***** EXTRACTED MATERIAL
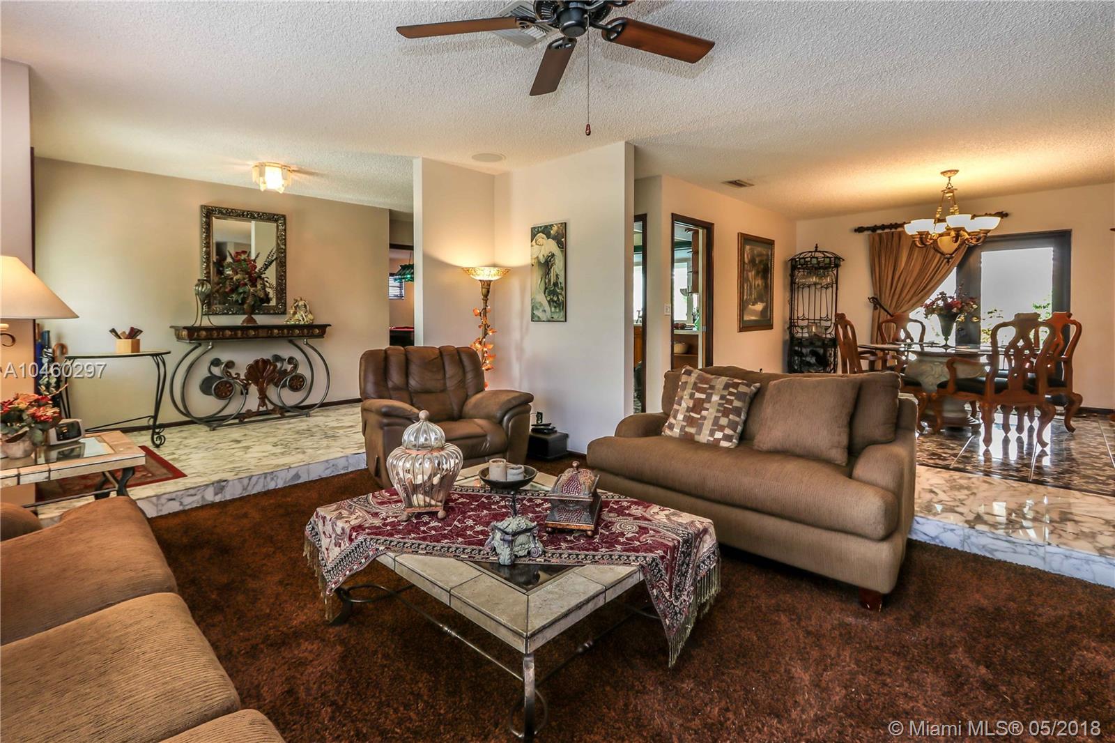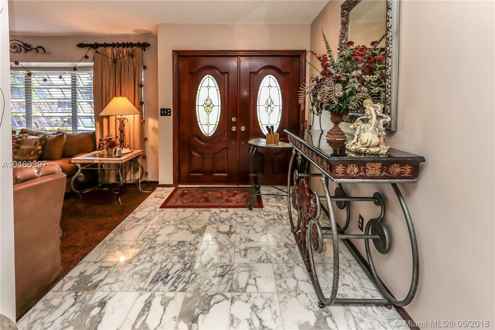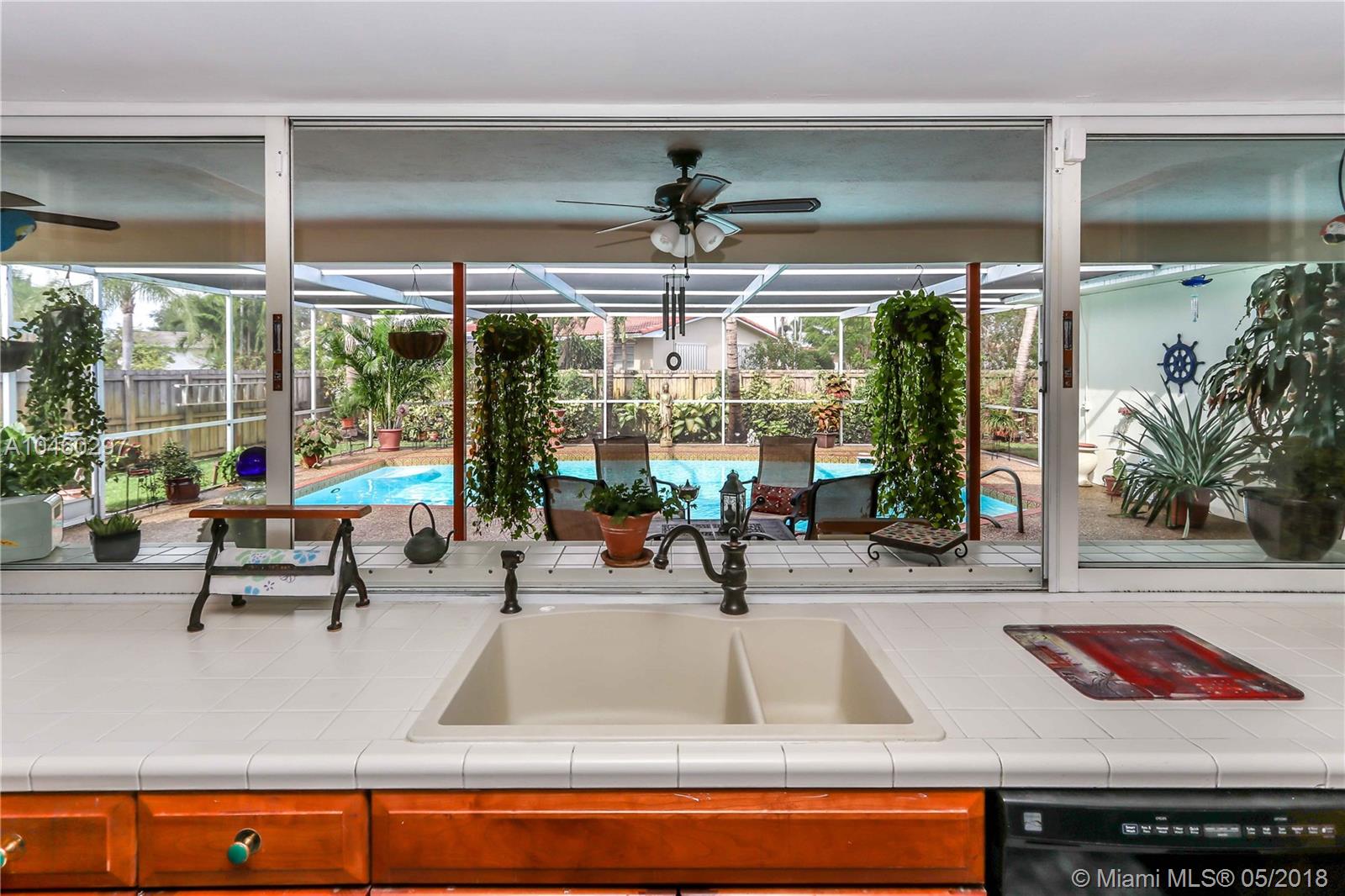 This Beautiful well maintained 3 bedroom, 2 full bath pool home is nestled in the heart of Hollywood Hills, Just 2 minutes from Hospitals and private and public schools are within walking distance. Upon entering this home you see beautiful marble flooring and a sunken living room with a large bay window bringing in the morning light. The spacious kitchen with lots of cabinets and wall-to-wall sliding windows that overlook the large enclosed patio and pool area is perfect for entertaining family and friends. Both the formal dining room and family room have French doors leading to the pool area. Fully fenced in back yard. The laundry room has a new washer & dryer along with a utility sink, shelves, and pantry. Beautifully landscaped home with a circular driveway. Accordion Shutters.
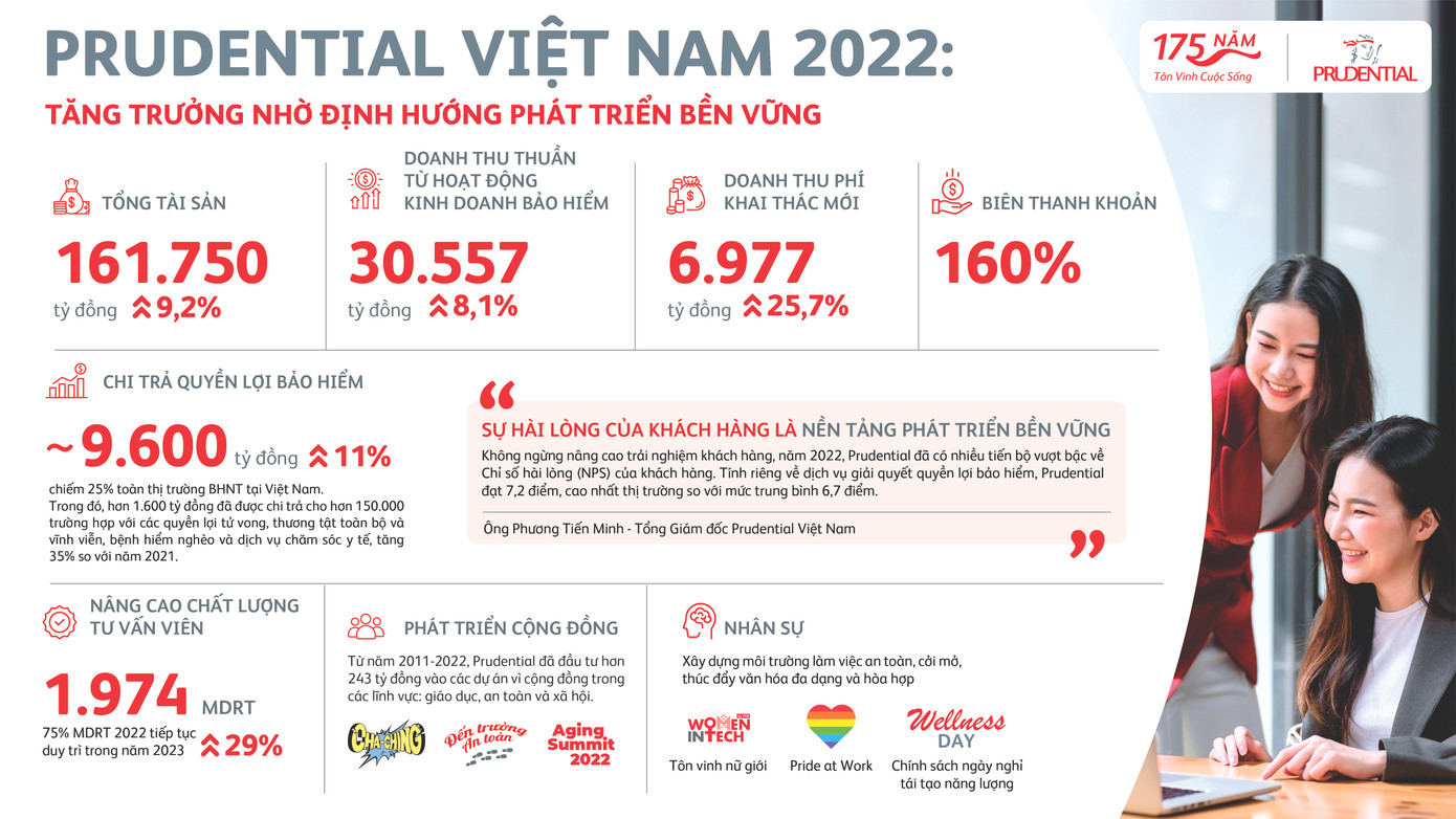 Ông Phương Tiến Minh – Tổng Giám đốc Prudential Việt Nam nhấn mạnh: “Chặng đường 2 năm 2020-2021 là thời gian chúng tôi củng cố, tái thiết đội ngũ và hệ thống vận hành. Năm 2022 là lúc chúng tôi tăng tốc phát triển kể cả về quy mô lẫn chất lượng. Chúng tôi kết thúc năm 2022 với hàng loạt những chỉ số kinh doanh vượt trên kỳ vọng nhưng quan trọng hơn cả chính là những chỉ số về khách hàng như Net Promoter Score – chỉ số mức độ hài lòng của khách hàng ở mọi điểm tương tác.”
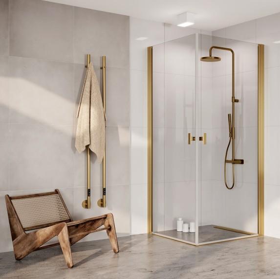 Strømberg Noma 120 bruseniche - 90x90 cm - Klar glas/børstet messing
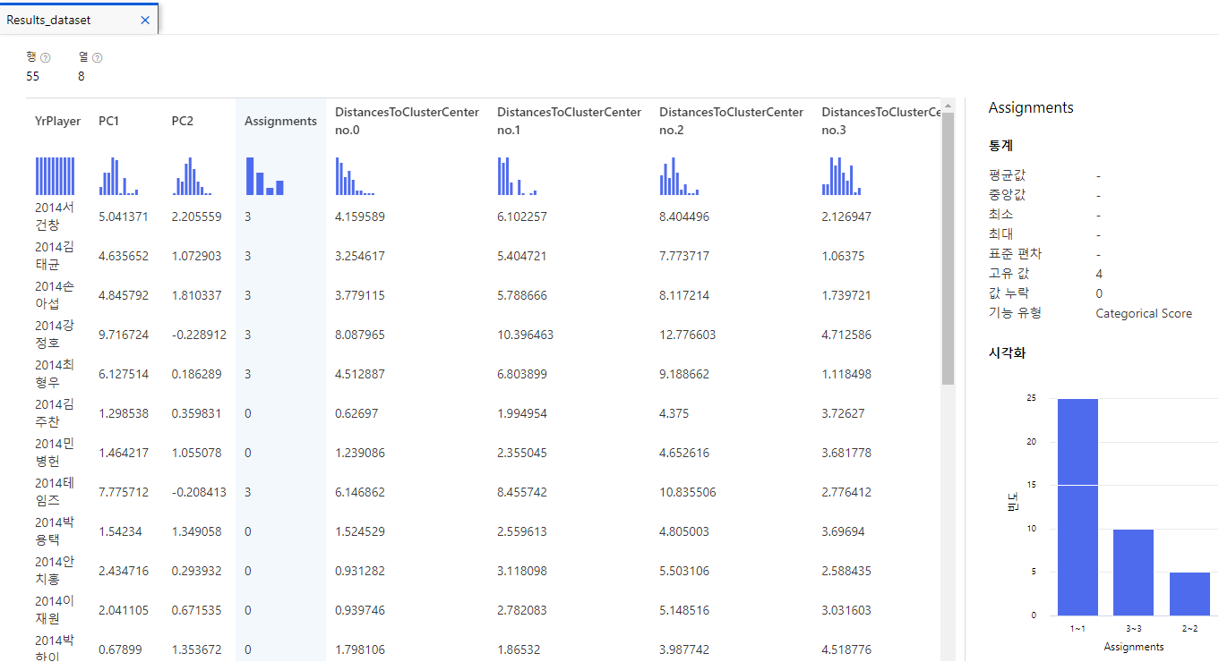 군집 0,1,2,3으로 4개로 나눠졌고, 선수마다 각 군집 중심점까지와 떨어진 거리를 알 수 있다.
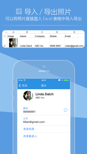 SA 通讯录提供了一种不需要iTunes就能导出及导入通讯录的最佳方式,让你能轻松操控你的iPhone中最有价值的数据。 1. 你可以使用Microsoft Excel、OpenOffice.org或其他Excel软件编辑iPhone通讯录。 2. SA 通讯录将你iPhone中所有联系人信息连同照片打包到一个ZIP文件中,并通过Email、USB或仅能在本地局域网中访问的网页等方式导出到你的电脑中。 3. 不必再依赖iTunes备份通讯录,也不需要将你的通讯录放到Yahoo或其它服务器上,只需一个zip文件就可以了。 4. 你不必再担心当你的iPhone与iTunes同步时不慎清除了通讯录…
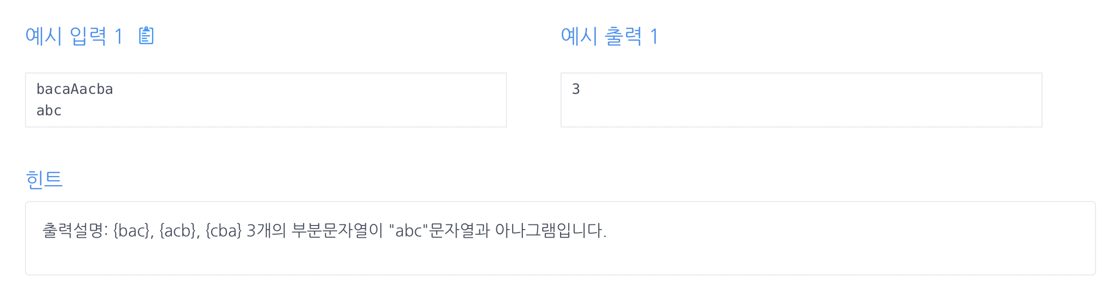 아나그램 판별시 대소문자가 구분됩니다. 부분문자열은 연속된 문자열이어야 합니다.
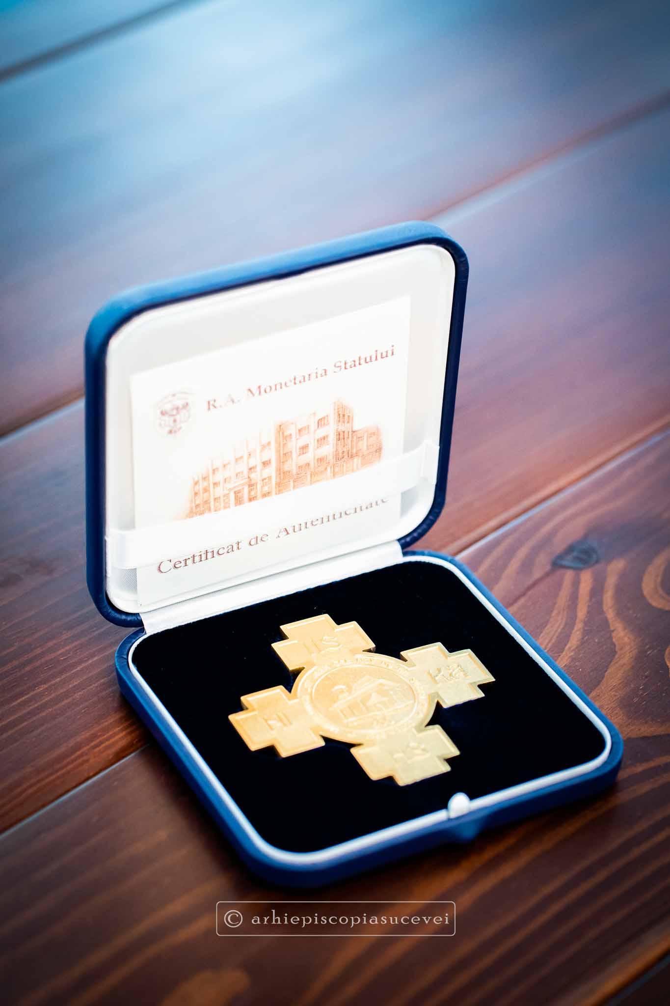 Apoi a fost înmânată Medalia jubiliară – înscrisă în crucea bimilenară a istoriei și jertfei poporului roman invitaților speciali ai evenimentului, domnului Adrian Alui Gheorghe și protosinghelului Iustin Taban, „în semn de aleasă recunoștință pentru contribuția semnificativă adusă de-a lungul timpului la păstrarea și promovarea valorilor spirituale,patrimoniale, educaționale, filantropice, misionare, edilitare, culturale și sociale ale Bisericii și Țării”.
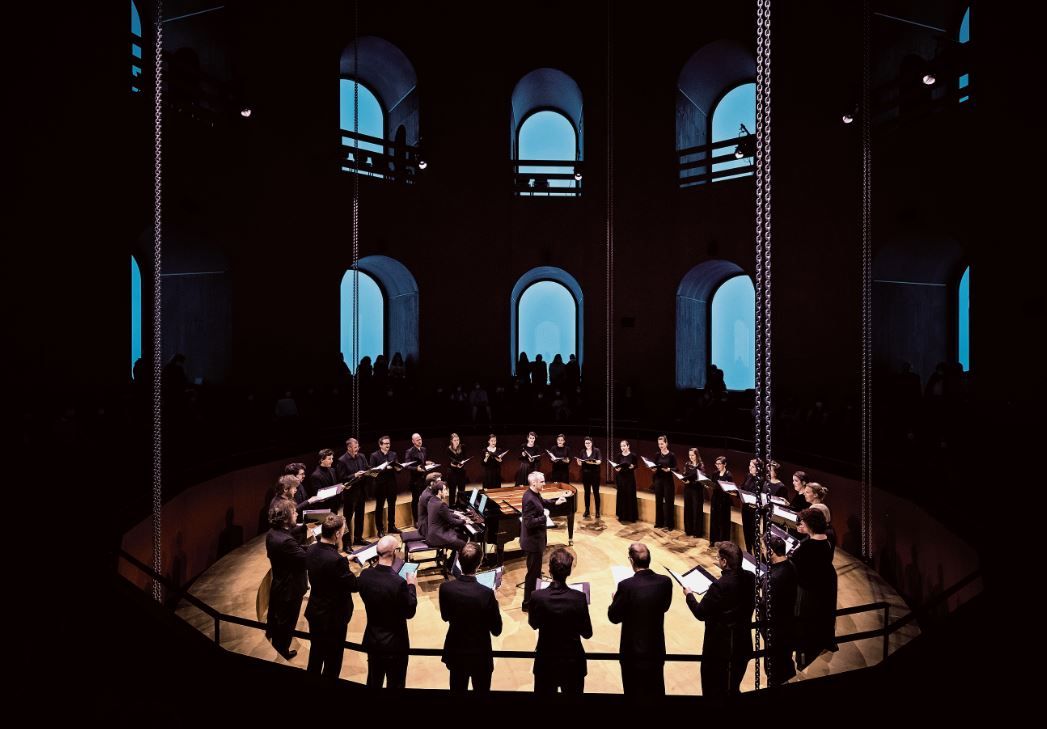 Das Origen Vocal Ensemble unter der Leitung von Clau Scherrer im Julierturm.
**********
◆ **ABOUT THIS TASK**: Write out each entry exactly as given, omitting any picture.

◆ **RESULT BELOW**:
 This Beautiful well maintained 3 bedroom, 2 full bath pool home is nestled in the heart of Hollywood Hills, Just 2 minutes from Hospitals and private and public schools are within walking distance. Upon entering this home you see beautiful marble flooring and a sunken living room with a large bay window bringing in the morning light. The spacious kitchen with lots of cabinets and wall-to-wall sliding windows that overlook the large enclosed patio and pool area is perfect for entertaining family and friends. Both the formal dining room and family room have French doors leading to the pool area. Fully fenced in back yard. The laundry room has a new washer & dryer along with a utility sink, shelves, and pantry. Beautifully landscaped home with a circular driveway. Accordion Shutters.
 Ông Phương Tiến Minh – Tổng Giám đốc Prudential Việt Nam nhấn mạnh: “Chặng đường 2 năm 2020-2021 là thời gian chúng tôi củng cố, tái thiết đội ngũ và hệ thống vận hành. Năm 2022 là lúc chúng tôi tăng tốc phát triển kể cả về quy mô lẫn chất lượng. Chúng tôi kết thúc năm 2022 với hàng loạt những chỉ số kinh doanh vượt trên kỳ vọng nhưng quan trọng hơn cả chính là những chỉ số về khách hàng như Net Promoter Score – chỉ số mức độ hài lòng của khách hàng ở mọi điểm tương tác.”
 Strømberg Noma 120 bruseniche - 90x90 cm - Klar glas/børstet messing
 군집 0,1,2,3으로 4개로 나눠졌고, 선수마다 각 군집 중심점까지와 떨어진 거리를 알 수 있다.
 SA 通讯录提供了一种不需要iTunes就能导出及导入通讯录的最佳方式,让你能轻松操控你的iPhone中最有价值的数据。 1. 你可以使用Microsoft Excel、OpenOffice.org或其他Excel软件编辑iPhone通讯录。 2. SA 通讯录将你iPhone中所有联系人信息连同照片打包到一个ZIP文件中,并通过Email、USB或仅能在本地局域网中访问的网页等方式导出到你的电脑中。 3. 不必再依赖iTunes备份通讯录,也不需要将你的通讯录放到Yahoo或其它服务器上,只需一个zip文件就可以了。 4. 你不必再担心当你的iPhone与iTunes同步时不慎清除了通讯录…
 아나그램 판별시 대소문자가 구분됩니다. 부분문자열은 연속된 문자열이어야 합니다.
 Apoi a fost înmânată Medalia jubiliară – înscrisă în crucea bimilenară a istoriei și jertfei poporului roman invitaților speciali ai evenimentului, domnului Adrian Alui Gheorghe și protosinghelului Iustin Taban, „în semn de aleasă recunoștință pentru contribuția semnificativă adusă de-a lungul timpului la păstrarea și promovarea valorilor spirituale,patrimoniale, educaționale, filantropice, misionare, edilitare, culturale și sociale ale Bisericii și Țării”.
 Das Origen Vocal Ensemble unter der Leitung von Clau Scherrer im Julierturm.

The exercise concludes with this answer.